Clare Scheckter, who runs Laverstoke Park Farm near Basingstoke in Hampshire with her husband Jody, the 1979 Formula One World Champion, will be President for the South of England Agricultural Society in 2015, it was announced this week.
Clare leads the Laverstoke Park Education Centre (LPEC) on the farm, which has helped introduce food and farming to over 15,000 students from schools, colleges and youth organisations since she started the charity in 2003.
Michael Lambert, Chairman of the South of England Agricultural Society said, “We are delighted to welcome Clare Scheckter as our Society President for 2015 – her experience and remit make her the perfect Champion for our theme for the year, which is The Next Generation.”
Throughout 2015, the Society will be promoting activities to attract young people into countryside careers by raising awareness of the wide range of opportunities available as well as highlighting and supporting innovation in food, growing and the countryside.
Clare Scheckter will be championing the campaign and said: “The future shape and sustainability of Britain’s countryside and rural economy will rely heavily on the imagination, innovation and enterprise of the next generation.
“With more people to feed, less space to grow food and more competition for resources – new thinking, new technology and new ways of working will be crucial to our ability to feed the nation in the future.
“Our chief aims are to celebrate achievement, inspire innovation and empower enterprise of ‘The Next Generation’ and to support and promote examples and displays of next generation thinkers and achievers across all the areas of the Society’s involvement and influence.”
Experts predict a shortfall of 60,000 workers in land based careers in the next decade and the Society will be working with all its partners, including agricultural colleges, to help raise awareness of the huge choice of jobs available, ranging from high tech, laboratory or office-based jobs to the more traditional outdoor job opportunities across all sectors in the countryside through to the retailing of the end products.
Throughout 2015, the South of England Agricultural Society will be expanding its programme of events to promote innovation and education in agriculture, showcasing the very best at its shows including the Spring Garden & Leisure Show in May, the South of England Show in June, the Autumn Show & Game Fair in October and its Festive event in December.
It will be enhancing its educational events and schemes, which include Connect with the Countryside, attracting over 2,300 primary school pupils to the showground in July to discover more about food and farming; and its educational competitions including the Young Craftsman of the Year for 14-22 year olds.
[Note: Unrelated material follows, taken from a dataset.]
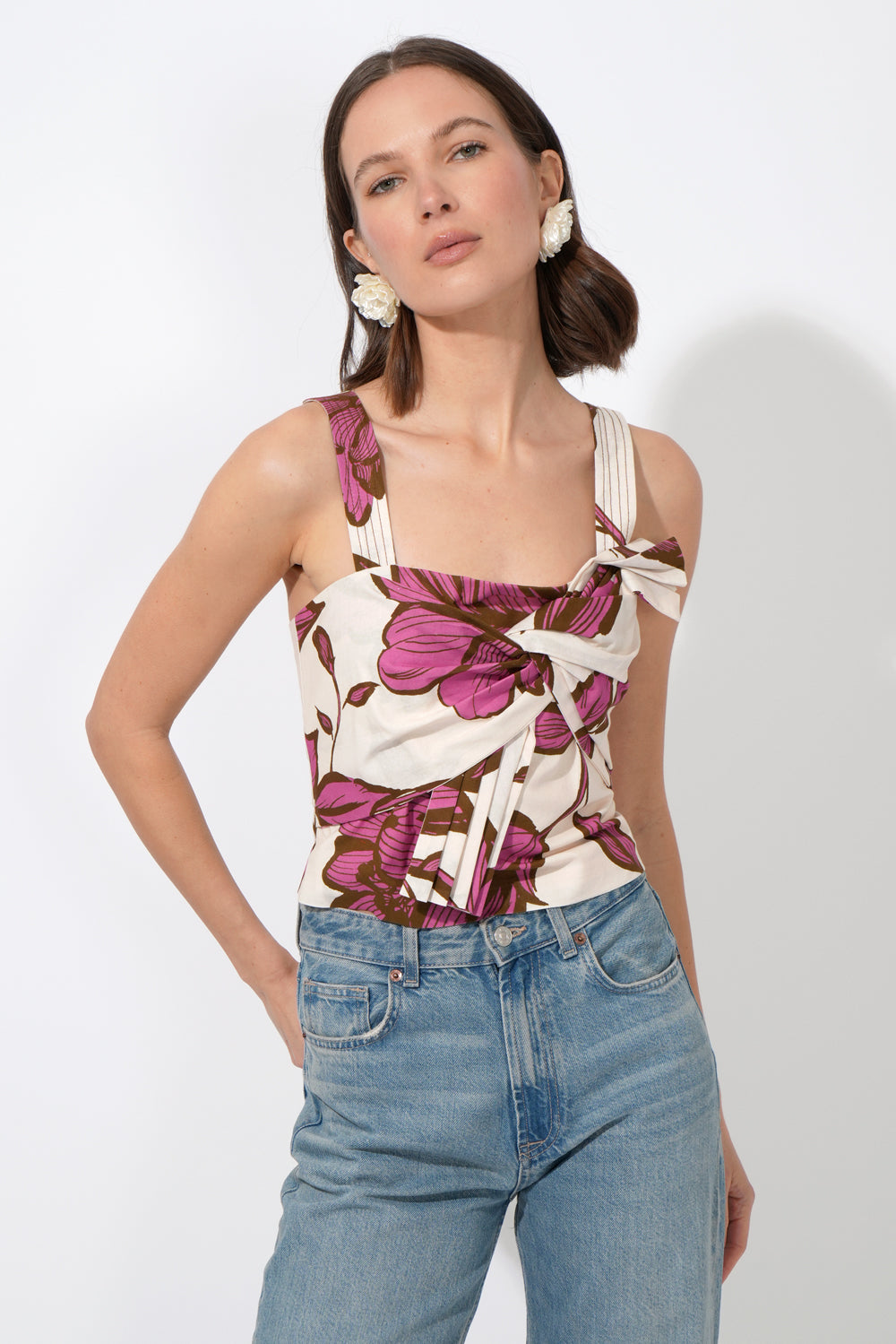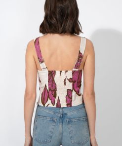 This floral crop top showcases a twisted bodice with pleated details. The adjustable straps are adorned with parallel stitching and the back is installed with a smocked panel.

The Society will also be spotlighting its scholarship and bursary schemes and emphasising its support for agricultural colleges across the six counties in which it operates, which include Berkshire, East Sussex, Hampshire & the Isle of Wight, Kent, Surrey and West Sussex.
People are encouraged to get involved by volunteering at the shows, attending events and supporting the charity by becoming a member, which includes free entry to all the shows. More info at www.seas.org.uk
Clare Scheckter’s background:
Clare will bring her self-taught knowledge of farming, food production and education to the Society. The 2,500-acre Laverstoke Park Farm she runs with her husband Jody makes no compromise when it comes to using both traditional and state of the art technologies to achieve extraordinary results.
They produce a huge range of biodynamically farmed fruit and vegetables as well as a wide range of livestock, including rare breeds that have almost been forgotten in Europe. Their water buffalo herd is the largest in the UK and they use the creamy milk to create mozzarella cheese, brie, Gouda and cheddar cheese as well as ice cream in their own manufacturing plant.
Their wild boar and beef herds are grass fed and organically reared and their poultry flocks enjoy a perfect state of free range and organic living, alongside each other. Laverstoke Park also has facilities to prepare all its own meat and many neighbouring farms’ meat on site for sale to market and through their superb farm shop.
Recycling green waste is a huge element of Laverstoke Park’s work where they have a seven acre composting facility capable of handling over 70,000 tonnes of green waste a year; they use some of the resulting compost on the farm and even have a soil laboratory on the farm, which farmers can send samples to for testing and advice on how to work with their soil to improve the health of their soils, and subsequently plants, without resorting to chemicals.
Clare enjoys being able to work with young people, helping them to discover where their food comes from and building their understanding of farming and nature and encouraging them to explore careers in this area.